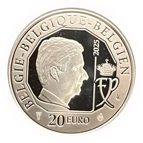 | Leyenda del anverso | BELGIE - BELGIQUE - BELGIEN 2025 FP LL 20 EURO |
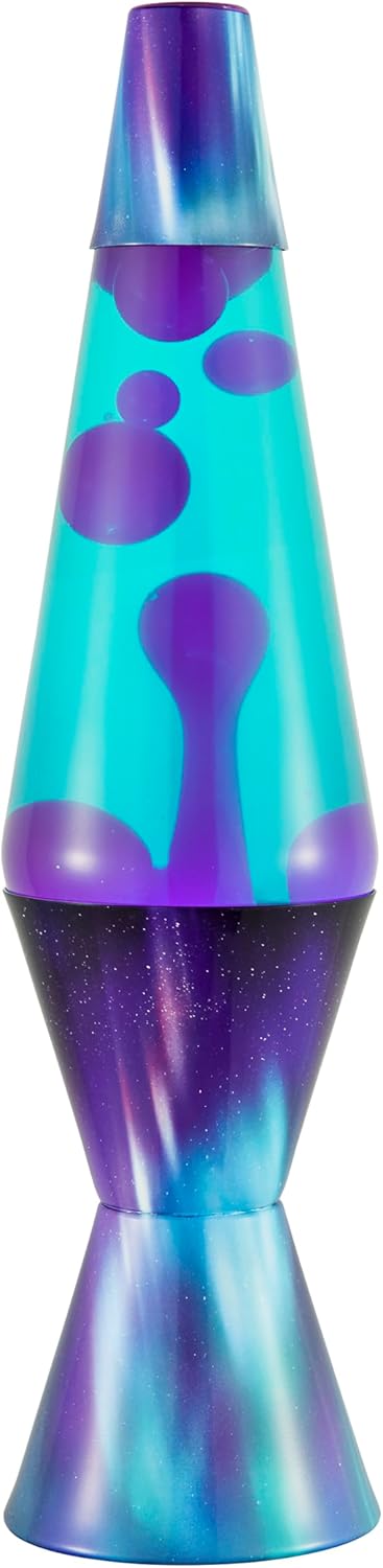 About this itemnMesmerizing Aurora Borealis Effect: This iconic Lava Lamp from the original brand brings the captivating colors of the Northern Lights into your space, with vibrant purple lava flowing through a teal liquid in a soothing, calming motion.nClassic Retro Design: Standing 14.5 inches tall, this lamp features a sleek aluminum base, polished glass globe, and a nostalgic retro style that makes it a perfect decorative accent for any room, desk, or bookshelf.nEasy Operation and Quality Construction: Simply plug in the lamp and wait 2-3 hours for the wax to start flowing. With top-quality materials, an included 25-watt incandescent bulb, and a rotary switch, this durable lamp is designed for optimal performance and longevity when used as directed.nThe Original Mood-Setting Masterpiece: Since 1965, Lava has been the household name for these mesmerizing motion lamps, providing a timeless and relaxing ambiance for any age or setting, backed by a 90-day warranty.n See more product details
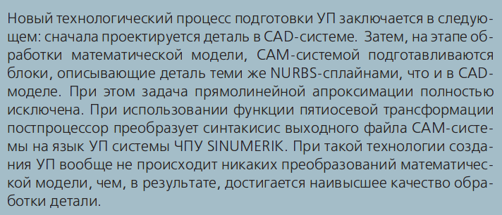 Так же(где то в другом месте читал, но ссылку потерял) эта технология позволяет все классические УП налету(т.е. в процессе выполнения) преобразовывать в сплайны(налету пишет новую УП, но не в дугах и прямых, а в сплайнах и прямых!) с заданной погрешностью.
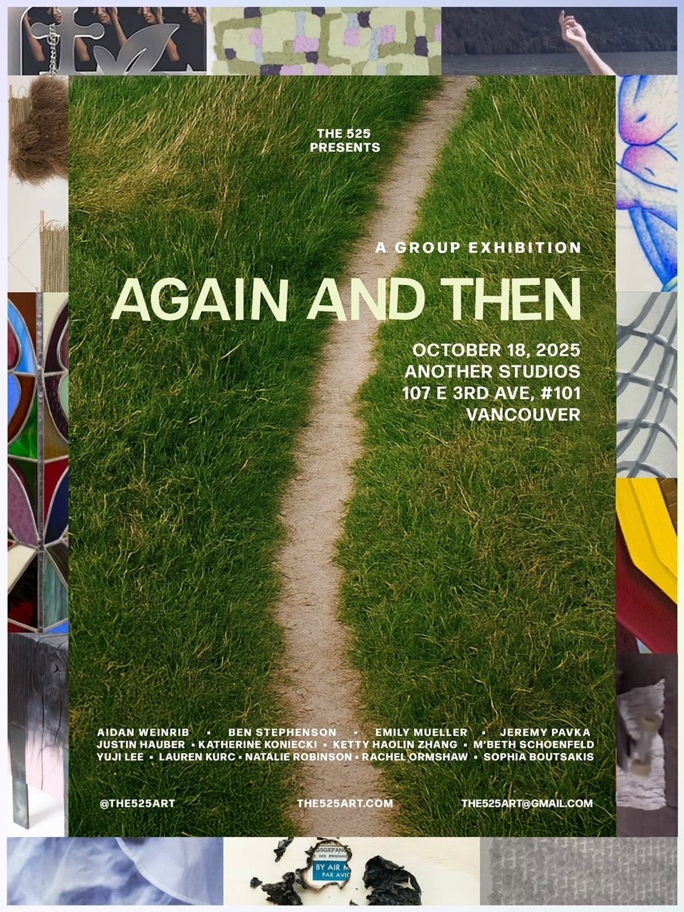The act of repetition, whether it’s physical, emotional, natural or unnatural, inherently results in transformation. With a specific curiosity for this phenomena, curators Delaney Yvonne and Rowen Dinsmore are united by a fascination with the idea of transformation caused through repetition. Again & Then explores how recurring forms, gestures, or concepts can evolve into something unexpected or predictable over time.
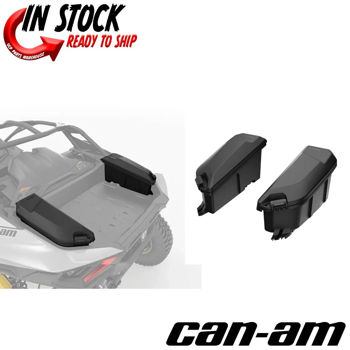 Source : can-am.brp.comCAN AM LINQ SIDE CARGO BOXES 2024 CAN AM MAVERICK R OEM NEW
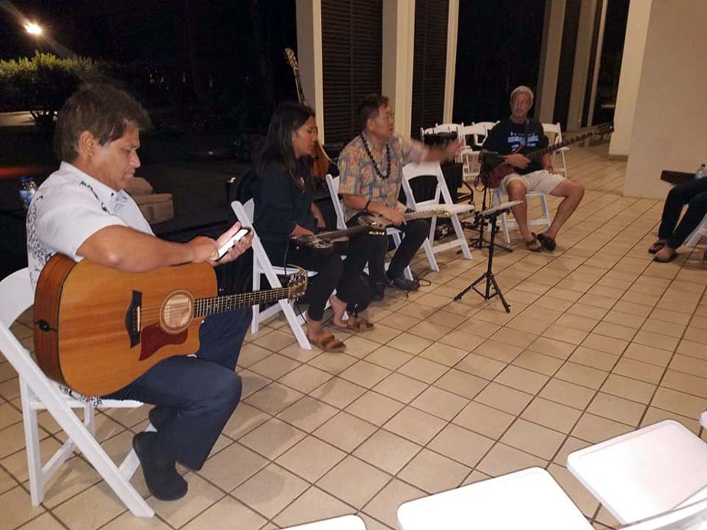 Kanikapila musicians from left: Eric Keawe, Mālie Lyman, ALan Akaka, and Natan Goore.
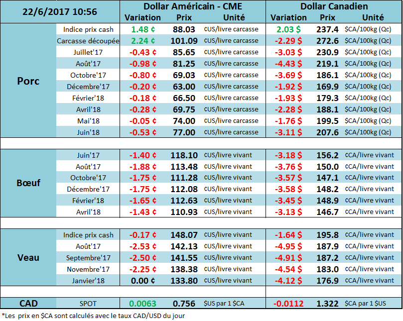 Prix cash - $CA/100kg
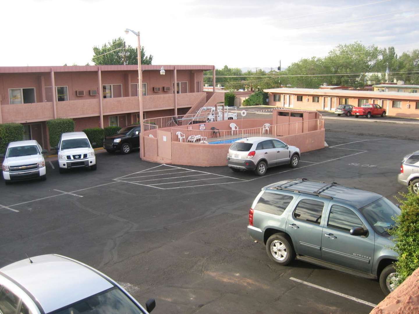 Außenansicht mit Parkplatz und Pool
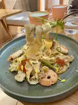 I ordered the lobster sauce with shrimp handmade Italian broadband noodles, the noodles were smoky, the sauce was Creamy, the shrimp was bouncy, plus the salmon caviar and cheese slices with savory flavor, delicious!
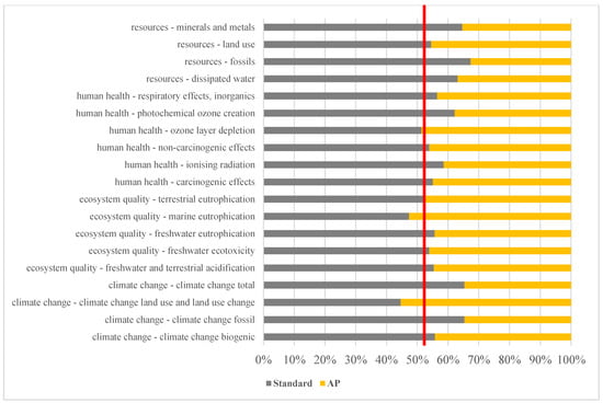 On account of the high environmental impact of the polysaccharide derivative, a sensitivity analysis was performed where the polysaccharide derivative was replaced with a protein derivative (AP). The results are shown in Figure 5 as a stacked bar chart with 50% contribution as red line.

### WORK TO BE COMPLETED
The expected answer is the line with "Source : can-am.brp.comCAN" followed by every remaining line of the listing, each restated exactly, with all pictures dropped.

### WRITTEN RESPONSE
 Source : can-am.brp.comCAN AM LINQ SIDE CARGO BOXES 2024 CAN AM MAVERICK R OEM NEW
 Kanikapila musicians from left: Eric Keawe, Mālie Lyman, ALan Akaka, and Natan Goore.
 Prix cash - $CA/100kg
 Außenansicht mit Parkplatz und Pool
 I ordered the lobster sauce with shrimp handmade Italian broadband noodles, the noodles were smoky, the sauce was Creamy, the shrimp was bouncy, plus the salmon caviar and cheese slices with savory flavor, delicious!
 On account of the high environmental impact of the polysaccharide derivative, a sensitivity analysis was performed where the polysaccharide derivative was replaced with a protein derivative (AP). The results are shown in Figure 5 as a stacked bar chart with 50% contribution as red line.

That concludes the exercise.